Many young families in Texas value serving their country in the military. While this decision once meant that these families could move forward with their lives and feel more secure, with more and more deployments, especially to Iraq and Afghanistan, these families are feeling the strain. For many soldiers, surviving deployment doesn't mean their marriage will survive. Many find instead of getting a warm welcome upon return, they are faced with an epic and confusing battle regarding child custody.

Regardless of military status of either parent, the court's main responsibility in every state is to find the best child custody arrangement for a child. As honorable as it is to serve one's country, long deployments of one parent are bound to make most children build a closer bond with the other parent. However, in at least one recent case, a soldier returned only to find his wife and child had relocated to another state, with his wife forbidding him from seeing the child.

As hard as it can be for a child to be reacquainted with a parent after a long separation, no matter what the reason, in the long run a permanent break from a parent can lead to long-term devastation and resentment. This is a major factor in why lawmakers are attempting to pass legislation streamlining the process of child custody cases involving one or both parents in the military. The Servicemembers Civil Relief Act is designed to help servicemembers identify what their rights are and make sure their parental rights aren't compromised because of the time they spent serving their country.

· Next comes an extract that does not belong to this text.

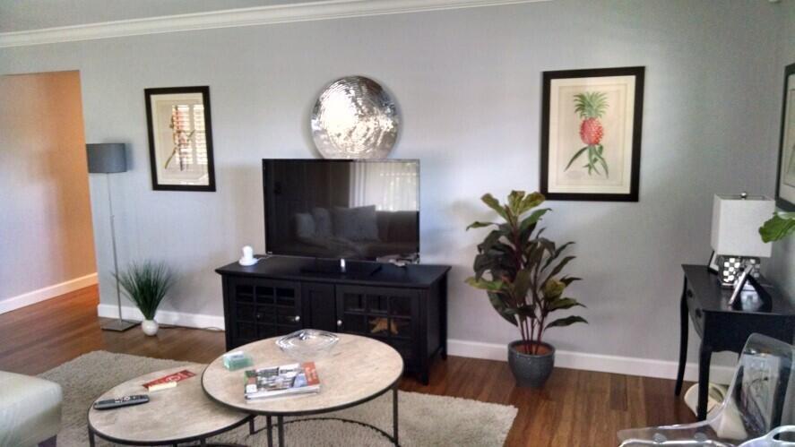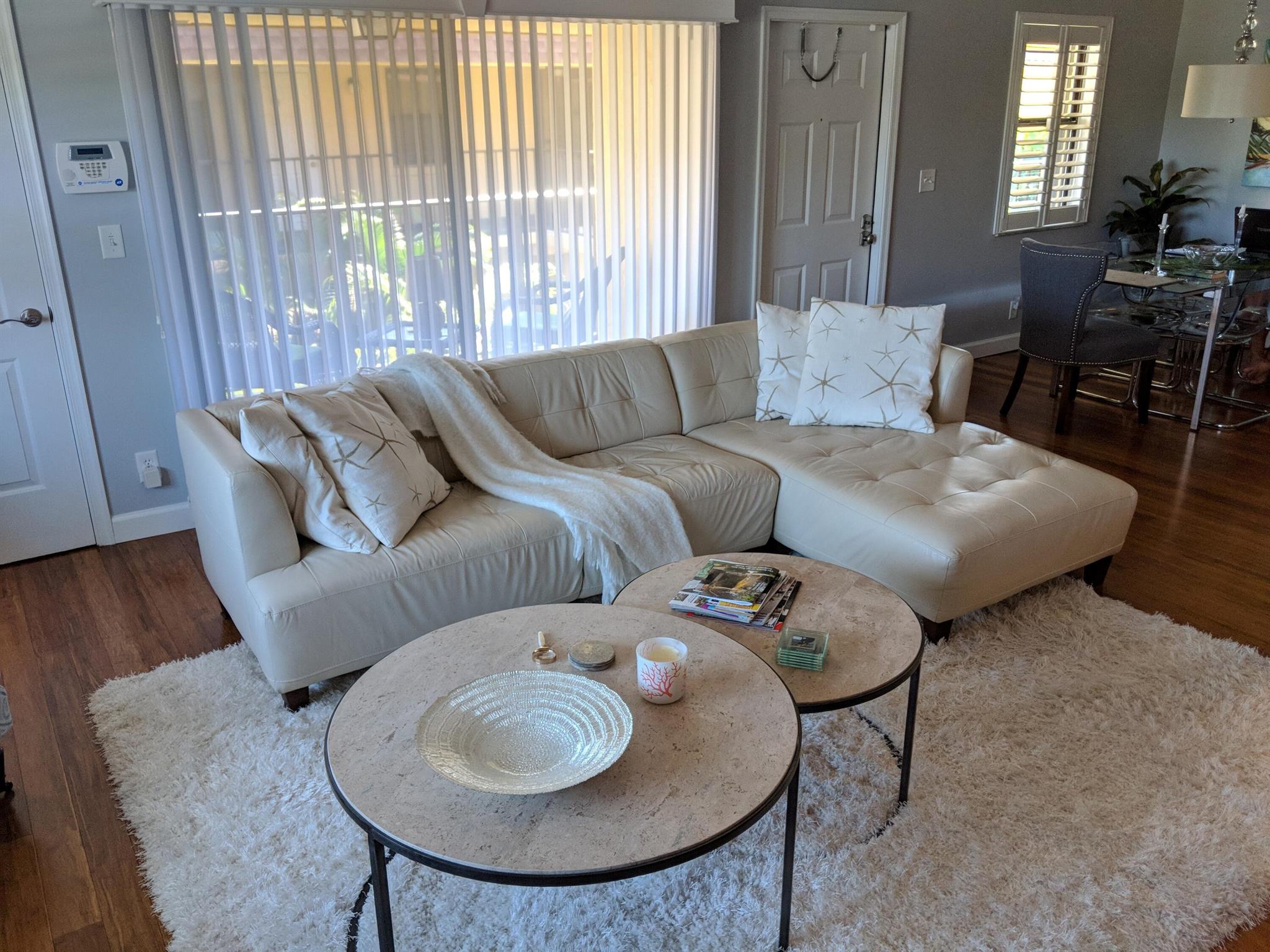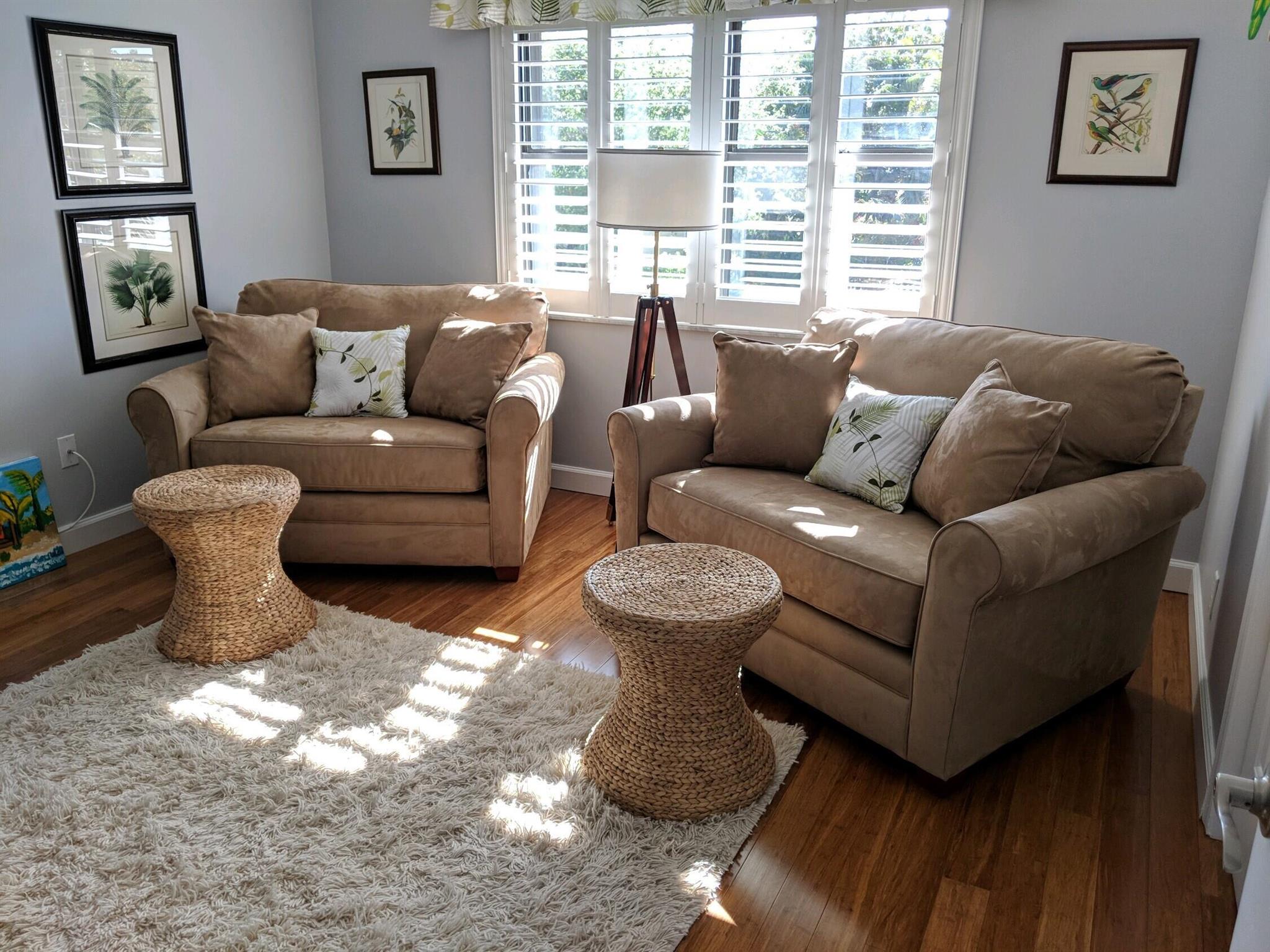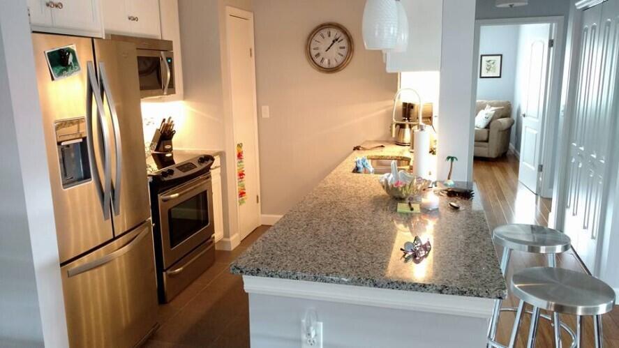 Awesome BIG, light bright and airy, 2 bed 2 bathroom condo, fully furnished with modern furniture, throw rugs, lamps, and beach chairs, on the second floor, end unit, tons of light, in an awesome location, minutes to downtown Lake Worth! Ride your bike to the Beach in under 1 mile! Enjoy the benefits of a small town, downtown, atmosphere with your local pubs, restaurants, micro breweries, theater, and soo much more! Off street parking, guest spot, street parking, all within a very quiet section of N M St. Only 2 blocks from all the happenings of historic downtown Lake Worth. Super clean unit, hardwood flooring throughout, tile in kitchen and bathrooms, gorgeously renovated, to the 9's!! Condo association has a very quick turnaround time for applications and approvals. Each applicant must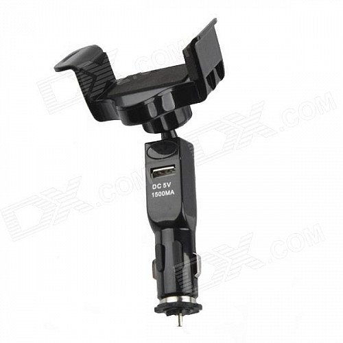 Multifunctional Short Car Holder Bracket + Single USB Output Car Charger for Smartphone - Black

With military cases, jurisdiction easily becomes an issue, and it can be tricky even figuring out which state a custody case should be held in. Servicemembers leave their families out of duty, not choice, and they should not be punished by being separated from their child as if they had abandoned them. A group of lawyers called the Uniform Law Commission is working to create clearer laws among all states that would ease the stress and confusion caused by the current laws that leave servicemember parents wrongfully fighting for their parental rights.